◆ DATASET RECORDS ◆
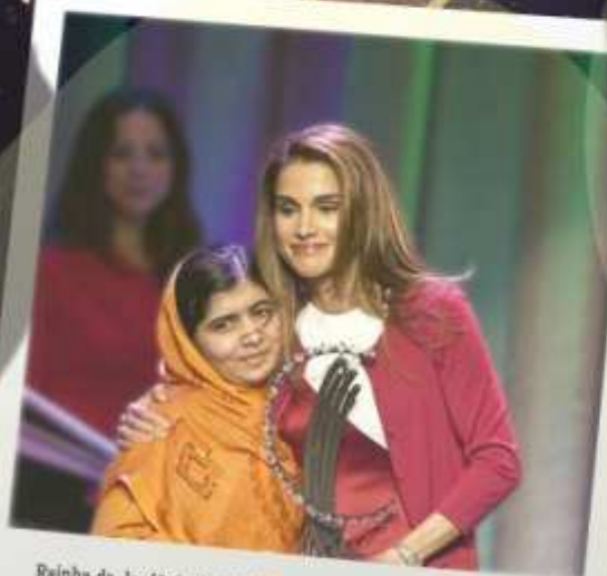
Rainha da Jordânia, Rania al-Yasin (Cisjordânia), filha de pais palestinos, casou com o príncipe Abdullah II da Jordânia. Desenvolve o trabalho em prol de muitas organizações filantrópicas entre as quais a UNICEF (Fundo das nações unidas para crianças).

==

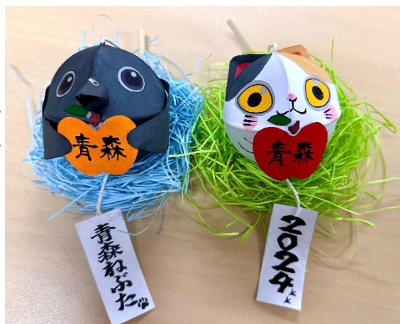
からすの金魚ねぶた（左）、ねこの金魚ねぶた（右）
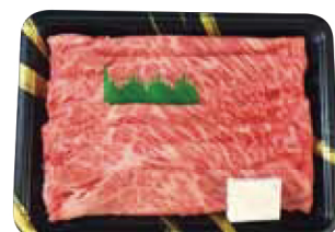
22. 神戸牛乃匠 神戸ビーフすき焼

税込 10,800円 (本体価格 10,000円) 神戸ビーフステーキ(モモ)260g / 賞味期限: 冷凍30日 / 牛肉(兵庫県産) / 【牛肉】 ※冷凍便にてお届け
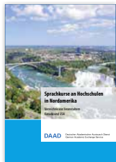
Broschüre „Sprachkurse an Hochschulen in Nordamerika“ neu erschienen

◆ TASK STATEMENT ◆
In the listing above, find the line containing "22. 神戸牛乃匠 神戸ビーフすき焼" and the line containing "Broschüre „Sprachkurse an". Print those two lines and every line between them exactly, with no pictures.

◆ RESPONSE AREA ◆
22. 神戸牛乃匠 神戸ビーフすき焼

税込 10,800円 (本体価格 10,000円) 神戸ビーフステーキ(モモ)260g / 賞味期限: 冷凍30日 / 牛肉(兵庫県産) / 【牛肉】 ※冷凍便にてお届け
Broschüre „Sprachkurse an Hochschulen in Nordamerika“ neu erschienen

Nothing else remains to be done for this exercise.